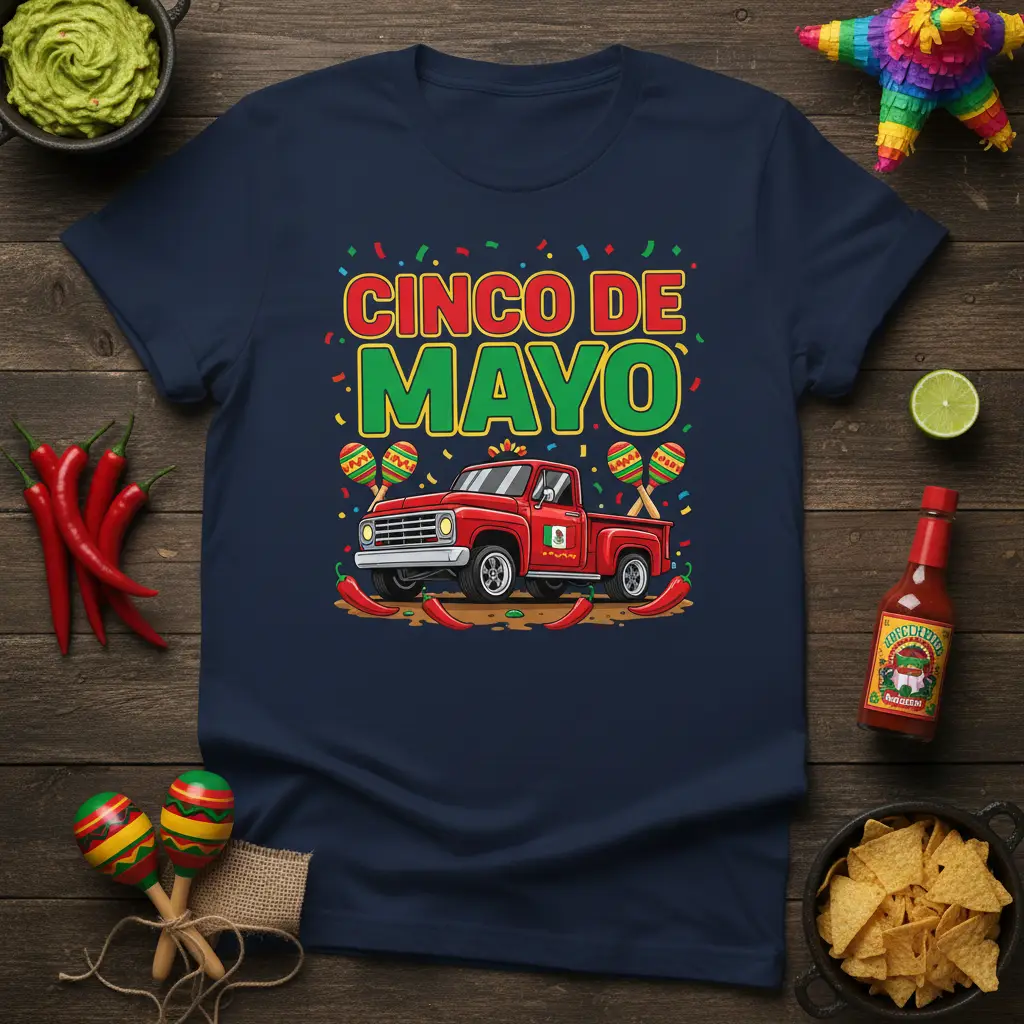 This t-shirt proudly displays “Cinco de Mayo” in bold, festive lettering, immediately setting the mood for celebration. The central graphic of a red vintage pickup truck, complete with Mexican flag accents and decorated with maracas, embodies the joy and energy of the holiday. Surrounded by lively confetti and spicy chili peppers, this design is a visual feast that perfectly represents the spirit of this beloved Mexican holiday.
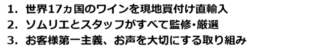 ベルーナグループでは、“お客様の衣食住遊を豊かにする商品やサービスの提供”という経営理念の下、今後も専属ソムリエとスタッフで世界17ヵ国から厳選した美味しいワインをお客様へお手頃価格で提供し続けてまいります。
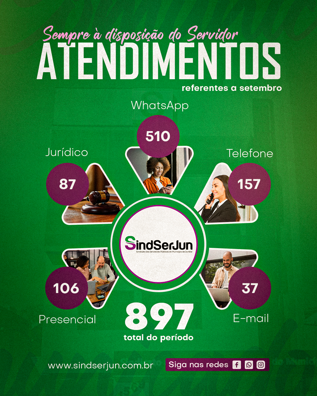 O SINDSERJUN segue com sua prestação de contas quanto aos serviços e atendimentos prestados aos Servidores de Jundiaí. No mês de setembro tivemos um total de 897 atendimentos, sendo: 510 pelo WhatsApp, 37 por e-mail, 157 via telefone e 106 presencialmente. A equipe do Sindicato está sempre pronta para receber você e oferecer todo o suporte necessário. Estamos aqui para ajudá-los, companheiros!
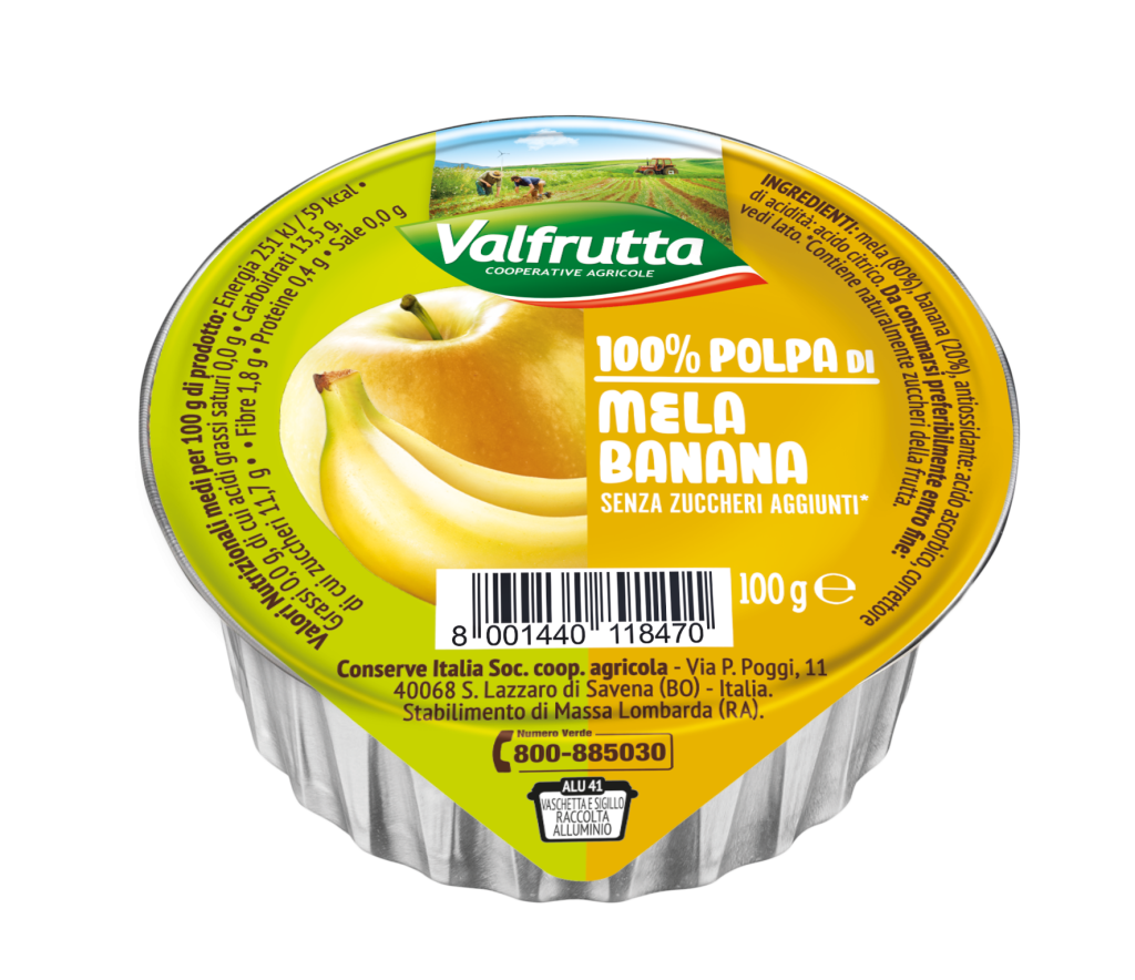 Una polpa di frutta dal sapore morbido, delicato e naturalmente zuccherino.
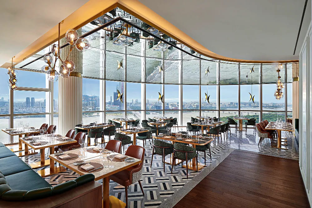 与地铁汝矣岛站相连的「首尔康莱德酒店」,是希尔顿酒店集团旗下的奢华酒店品牌,以格调高雅的内部装潢、洗练迷人的服务、丰富的设施设备,以及能将首尔市中心街景一览无遗的奢华景观闻名。位于37楼的「37 Grill & Bar 」身兼餐厅与酒吧,这里能让人180度眺望汉江,比客房更完善的全景风光非常受欢迎。餐厅中最吸引人的就是高级韩牛与现流海鲜等各式美食。此外,拥有开放式厨房可欣赏大厨手工艺的「ZEST」,自助式早餐的丰富程度在首尔也是属一属二。
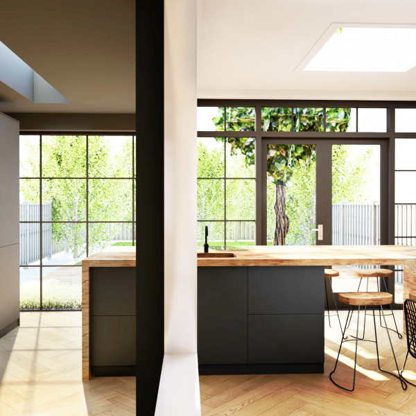 Na selectie van het traject begint het ontwerpen van de trapkast. In gesprek met de opdrachtgever wordt de garderobe ontworpen volgens de methodiek van Bassie Architectuur. Het start met schetsen, waarna een 3D ontwerp wordt gemaakt. Uiteindelijk wordt de trapkast uitgewerkt naar technische tekeningen voor de interieurbouwer.
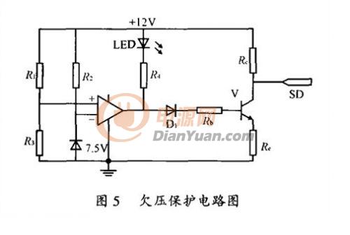 欠壓保護電路如圖5所示,它監測蓄電池的電壓狀況,如果蓄電池電壓低于預設的10.8V,保護電路開始工作,使控制器SG3524的腳10關斷端輸出高電平,停止驅動信號輸出。
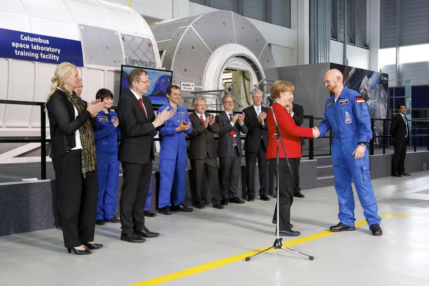 Bundeskanzlerin Angela Merkel und Astronaut Alexander Gerst inspizieren einen Nachbau der ISS im Astronautenzentrum in Köln: 2018 wird der inzwischen 40-jährige Deutsche wieder auf der echten ISS im All stationiert sein – drei Monate lang als Kommandant.
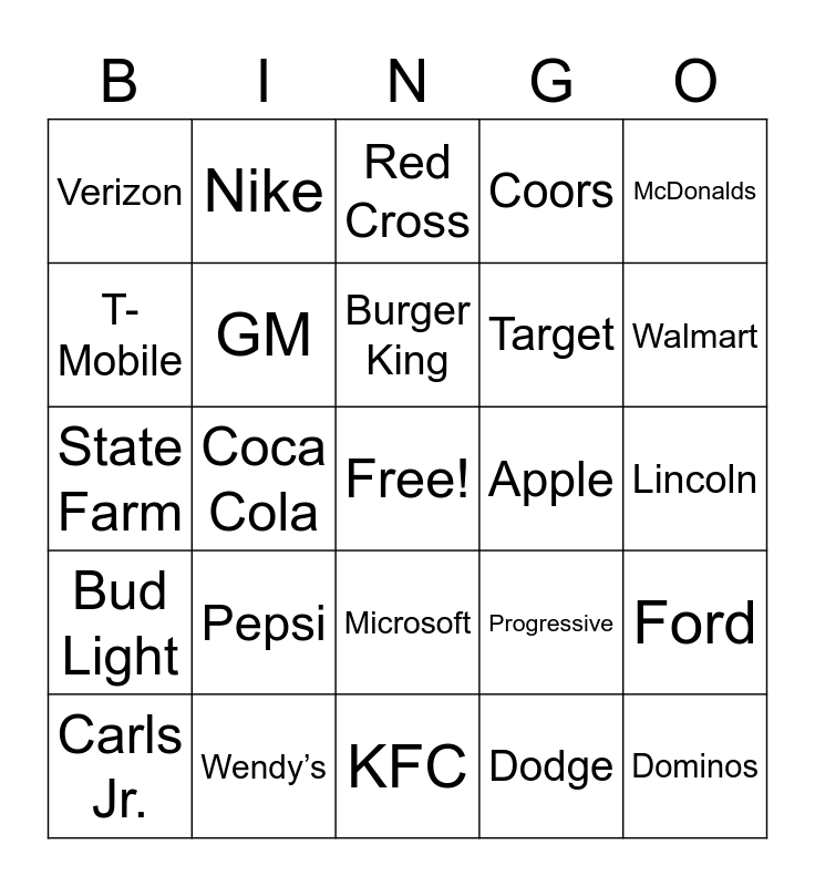 This bingo card has a free space and 24 words: Pepsi, Wendy’s, Burger King, Carls Jr., McDonalds, Verizon, T-Mobile, Nike, Apple, Microsoft, Target, State Farm, Progressive, Ford, GM, Dodge, Lincoln, Red Cross, Walmart, Coca Cola, Dominos, Bud Light, Coors and KFC.
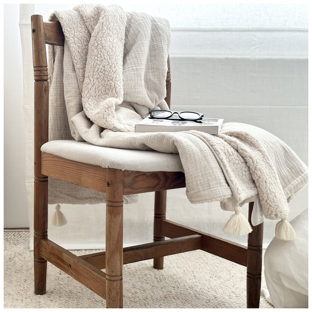 Obojstranná mušelínová deka - prehoz natural je útulným doplnkom interiéru, ale aj hrejivou pokrývkou na chladnejšie večery.
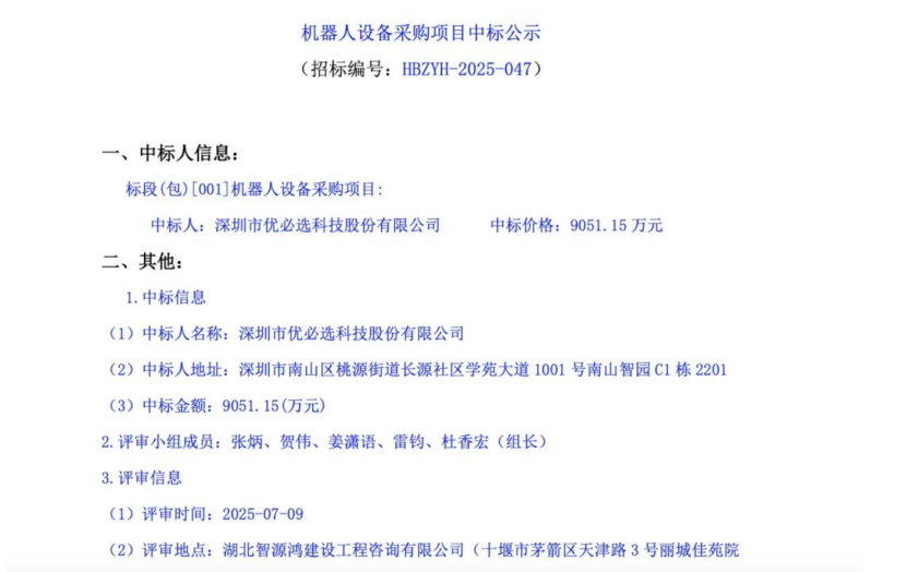 而后没过多久,中国招标投标公共服务平台发布的《机器人设备采购项目中标公示》显示,优必选已中标觅亿(上海)汽车科技有限公司(下称“觅亿汽车”)的机器人设备采购项目,项目金额为 9051.15 万元。和智元、宇树不同,此次优必选独家拿下近亿订单——这是目前公开信息中,全球人形机器人企业单家公司单笔中标金额最大的采购订单,再次刷新了人形机器人单笔订单记录。
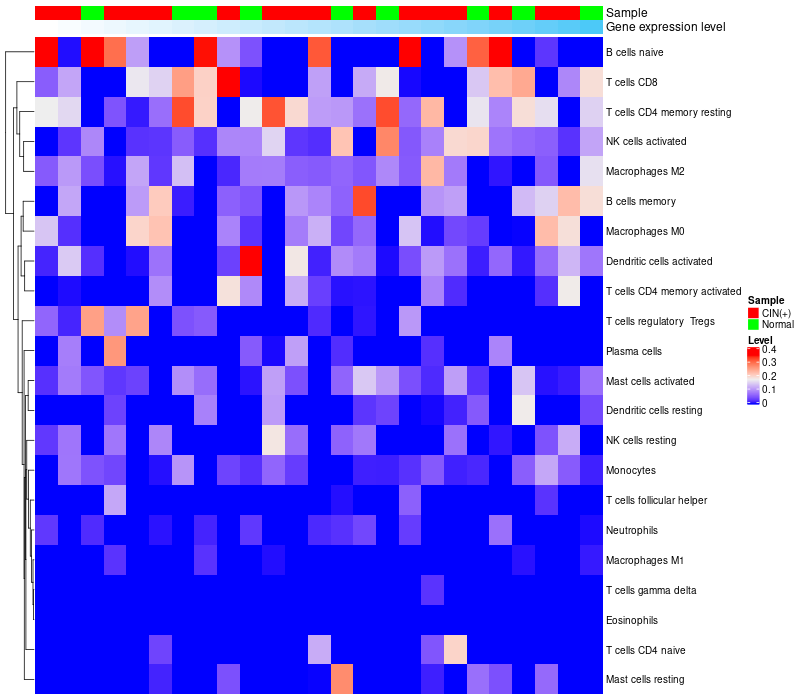 Normal (10), Cervical intraepithelial neoplasia (HPV+)(15) |
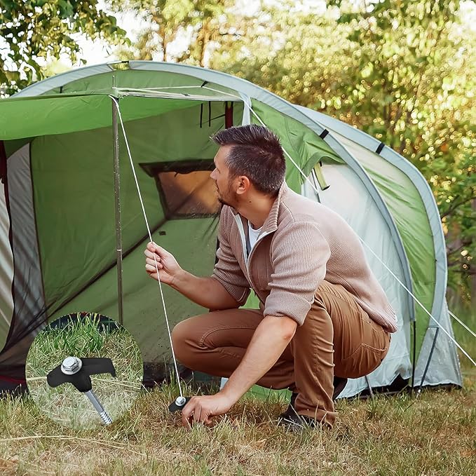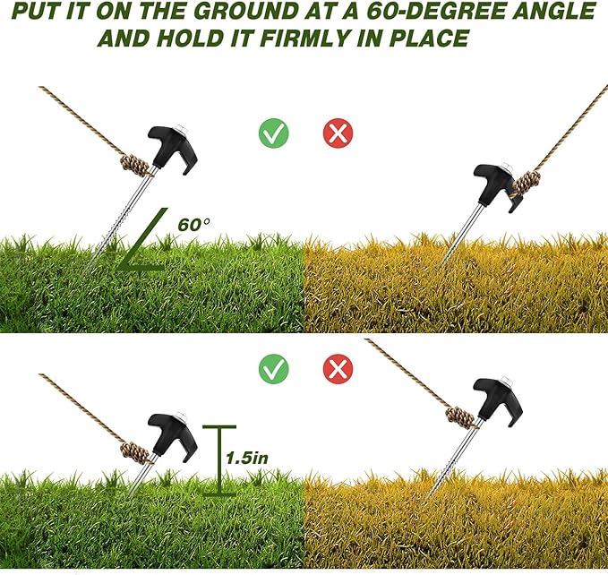 - Strong and Secure: our tent stakes heavy duty screw offer enough strength under windy conditions and are suitable for use in grass, dirt, harder soils and sand; They are important for taking care of your outdoor equipment; Pointed items are included, it is recommended to wear tool gloves to avoid injury when using, and please keep it away from kids

·····

=== Description of the task ===
Only an exact copy of the records counts as an answer. Leave out the images.

=== Answer space ===
 This t-shirt proudly displays “Cinco de Mayo” in bold, festive lettering, immediately setting the mood for celebration. The central graphic of a red vintage pickup truck, complete with Mexican flag accents and decorated with maracas, embodies the joy and energy of the holiday. Surrounded by lively confetti and spicy chili peppers, this design is a visual feast that perfectly represents the spirit of this beloved Mexican holiday.
 ベルーナグループでは、“お客様の衣食住遊を豊かにする商品やサービスの提供”という経営理念の下、今後も専属ソムリエとスタッフで世界17ヵ国から厳選した美味しいワインをお客様へお手頃価格で提供し続けてまいります。
 O SINDSERJUN segue com sua prestação de contas quanto aos serviços e atendimentos prestados aos Servidores de Jundiaí. No mês de setembro tivemos um total de 897 atendimentos, sendo: 510 pelo WhatsApp, 37 por e-mail, 157 via telefone e 106 presencialmente. A equipe do Sindicato está sempre pronta para receber você e oferecer todo o suporte necessário. Estamos aqui para ajudá-los, companheiros!
 Una polpa di frutta dal sapore morbido, delicato e naturalmente zuccherino.
 与地铁汝矣岛站相连的「首尔康莱德酒店」,是希尔顿酒店集团旗下的奢华酒店品牌,以格调高雅的内部装潢、洗练迷人的服务、丰富的设施设备,以及能将首尔市中心街景一览无遗的奢华景观闻名。位于37楼的「37 Grill & Bar 」身兼餐厅与酒吧,这里能让人180度眺望汉江,比客房更完善的全景风光非常受欢迎。餐厅中最吸引人的就是高级韩牛与现流海鲜等各式美食。此外,拥有开放式厨房可欣赏大厨手工艺的「ZEST」,自助式早餐的丰富程度在首尔也是属一属二。
 Na selectie van het traject begint het ontwerpen van de trapkast. In gesprek met de opdrachtgever wordt de garderobe ontworpen volgens de methodiek van Bassie Architectuur. Het start met schetsen, waarna een 3D ontwerp wordt gemaakt. Uiteindelijk wordt de trapkast uitgewerkt naar technische tekeningen voor de interieurbouwer.
 欠壓保護電路如圖5所示,它監測蓄電池的電壓狀況,如果蓄電池電壓低于預設的10.8V,保護電路開始工作,使控制器SG3524的腳10關斷端輸出高電平,停止驅動信號輸出。
 Bundeskanzlerin Angela Merkel und Astronaut Alexander Gerst inspizieren einen Nachbau der ISS im Astronautenzentrum in Köln: 2018 wird der inzwischen 40-jährige Deutsche wieder auf der echten ISS im All stationiert sein – drei Monate lang als Kommandant.
 This bingo card has a free space and 24 words: Pepsi, Wendy’s, Burger King, Carls Jr., McDonalds, Verizon, T-Mobile, Nike, Apple, Microsoft, Target, State Farm, Progressive, Ford, GM, Dodge, Lincoln, Red Cross, Walmart, Coca Cola, Dominos, Bud Light, Coors and KFC.
 Obojstranná mušelínová deka - prehoz natural je útulným doplnkom interiéru, ale aj hrejivou pokrývkou na chladnejšie večery.
 而后没过多久,中国招标投标公共服务平台发布的《机器人设备采购项目中标公示》显示,优必选已中标觅亿(上海)汽车科技有限公司(下称“觅亿汽车”)的机器人设备采购项目,项目金额为 9051.15 万元。和智元、宇树不同,此次优必选独家拿下近亿订单——这是目前公开信息中,全球人形机器人企业单家公司单笔中标金额最大的采购订单,再次刷新了人形机器人单笔订单记录。
 Normal (10), Cervical intraepithelial neoplasia (HPV+)(15) |
 - Strong and Secure: our tent stakes heavy duty screw offer enough strength under windy conditions and are suitable for use in grass, dirt, harder soils and sand; They are important for taking care of your outdoor equipment; Pointed items are included, it is recommended to wear tool gloves to avoid injury when using, and please keep it away from kids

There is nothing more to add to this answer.